* [TASK DETAILS] Records follow. Print exactly the lines from the one that has "Iraqi Prime Minister" through the one that has "8月20日,市场管理股工作人", inclusive, and omit the pictures.

── RECORDS PROVIDED ──

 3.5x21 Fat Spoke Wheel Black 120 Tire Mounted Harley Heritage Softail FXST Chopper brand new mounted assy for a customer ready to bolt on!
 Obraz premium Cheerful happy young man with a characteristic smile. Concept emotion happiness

───
── RECORDS PROVIDED ──

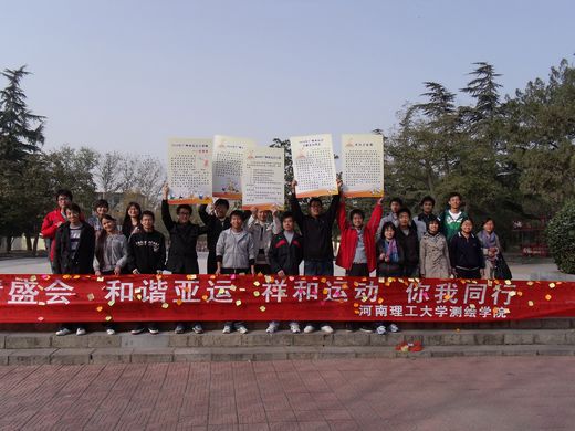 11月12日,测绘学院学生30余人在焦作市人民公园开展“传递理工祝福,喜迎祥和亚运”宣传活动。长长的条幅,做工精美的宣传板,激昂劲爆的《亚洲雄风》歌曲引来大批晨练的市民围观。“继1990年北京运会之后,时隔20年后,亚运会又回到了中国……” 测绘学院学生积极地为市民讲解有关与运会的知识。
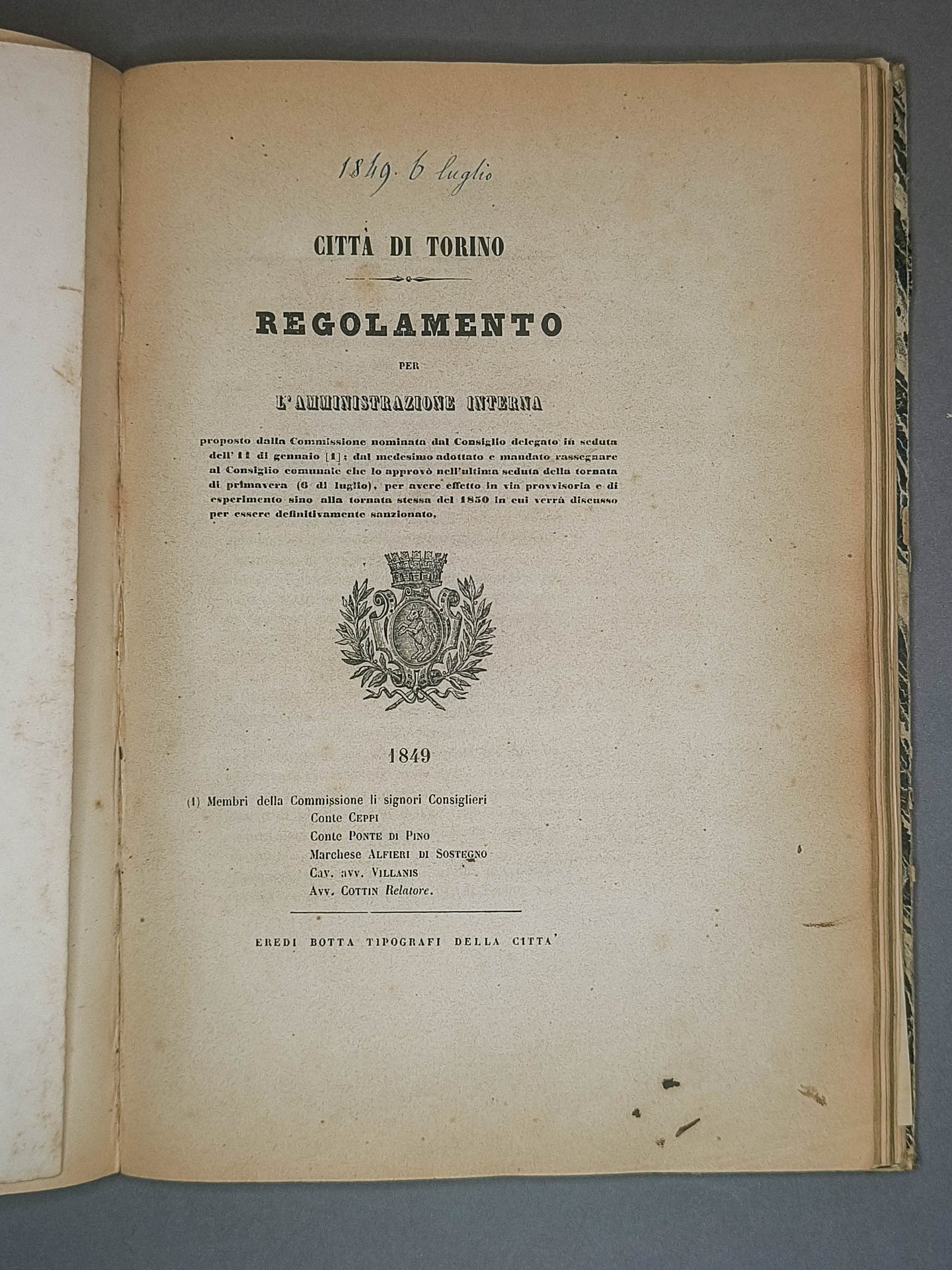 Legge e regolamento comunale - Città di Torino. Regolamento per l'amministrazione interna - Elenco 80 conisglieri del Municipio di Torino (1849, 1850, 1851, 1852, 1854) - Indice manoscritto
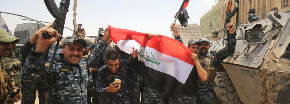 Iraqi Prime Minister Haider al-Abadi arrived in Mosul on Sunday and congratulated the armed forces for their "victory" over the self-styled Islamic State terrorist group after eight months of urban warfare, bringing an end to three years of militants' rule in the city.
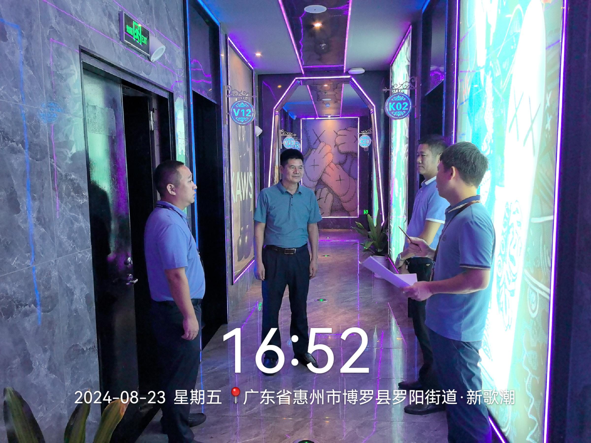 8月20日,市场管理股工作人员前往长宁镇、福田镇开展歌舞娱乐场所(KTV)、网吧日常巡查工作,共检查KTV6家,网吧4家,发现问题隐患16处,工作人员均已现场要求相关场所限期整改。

───

* [WRITTEN RESPONSE]
 Iraqi Prime Minister Haider al-Abadi arrived in Mosul on Sunday and congratulated the armed forces for their "victory" over the self-styled Islamic State terrorist group after eight months of urban warfare, bringing an end to three years of militants' rule in the city.
 8月20日,市场管理股工作人员前往长宁镇、福田镇开展歌舞娱乐场所(KTV)、网吧日常巡查工作,共检查KTV6家,网吧4家,发现问题隐患16处,工作人员均已现场要求相关场所限期整改。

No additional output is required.